(WHAT THIS TASK INVOLVES) Take nothing but the lines from the one with "但令人不解的是,既然实控人王" through the one with "Epic Armoury’s Laced" in the entries below, both ends kept, and return them exactly with pictures left out.

(STORED DATA)
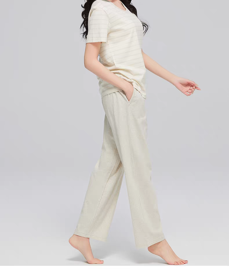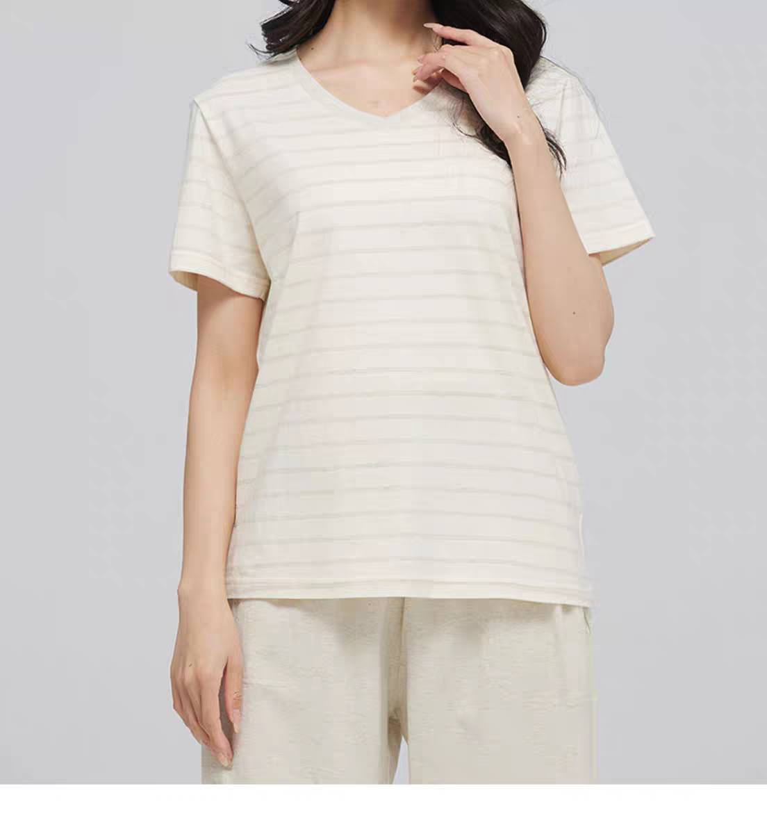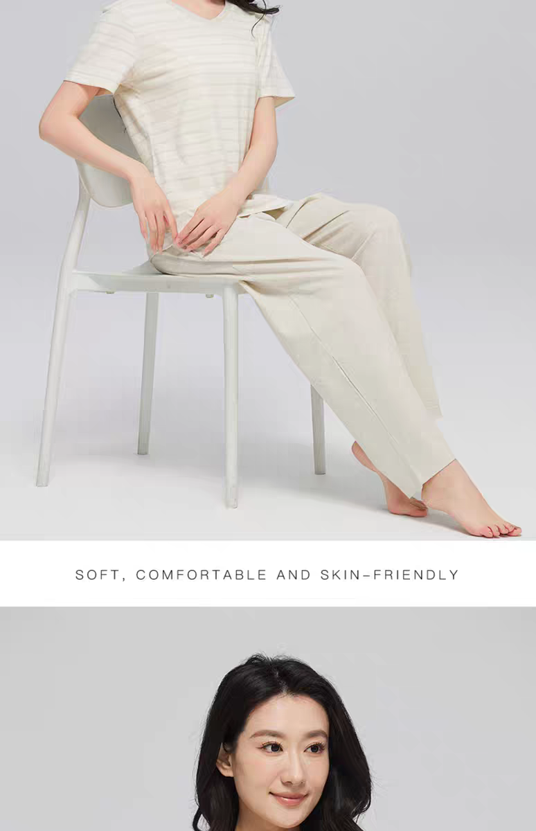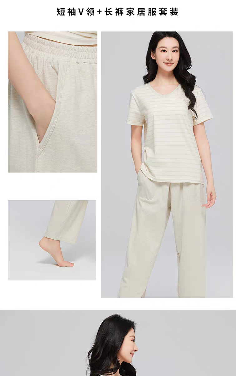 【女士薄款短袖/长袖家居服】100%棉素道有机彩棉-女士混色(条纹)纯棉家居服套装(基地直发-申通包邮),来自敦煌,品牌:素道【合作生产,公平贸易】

...

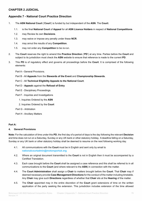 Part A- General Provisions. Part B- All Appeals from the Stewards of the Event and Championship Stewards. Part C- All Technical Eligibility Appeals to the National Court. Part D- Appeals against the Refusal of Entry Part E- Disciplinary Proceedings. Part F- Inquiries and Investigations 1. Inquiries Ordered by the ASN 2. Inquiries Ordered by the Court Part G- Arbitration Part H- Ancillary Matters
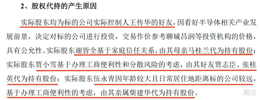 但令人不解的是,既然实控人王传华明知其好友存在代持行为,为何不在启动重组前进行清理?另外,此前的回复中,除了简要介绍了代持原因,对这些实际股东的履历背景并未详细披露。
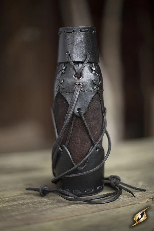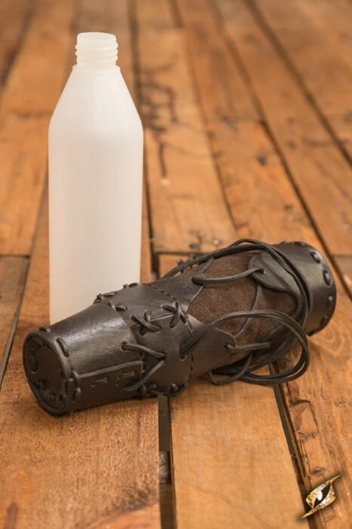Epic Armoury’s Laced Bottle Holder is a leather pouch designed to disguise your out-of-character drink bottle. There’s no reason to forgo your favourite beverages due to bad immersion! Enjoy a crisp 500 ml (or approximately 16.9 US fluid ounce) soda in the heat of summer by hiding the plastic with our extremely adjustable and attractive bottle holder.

(YOUR RESPONSE)
 但令人不解的是,既然实控人王传华明知其好友存在代持行为,为何不在启动重组前进行清理?另外,此前的回复中,除了简要介绍了代持原因,对这些实际股东的履历背景并未详细披露。
Epic Armoury’s Laced Bottle Holder is a leather pouch designed to disguise your out-of-character drink bottle. There’s no reason to forgo your favourite beverages due to bad immersion! Enjoy a crisp 500 ml (or approximately 16.9 US fluid ounce) soda in the heat of summer by hiding the plastic with our extremely adjustable and attractive bottle holder.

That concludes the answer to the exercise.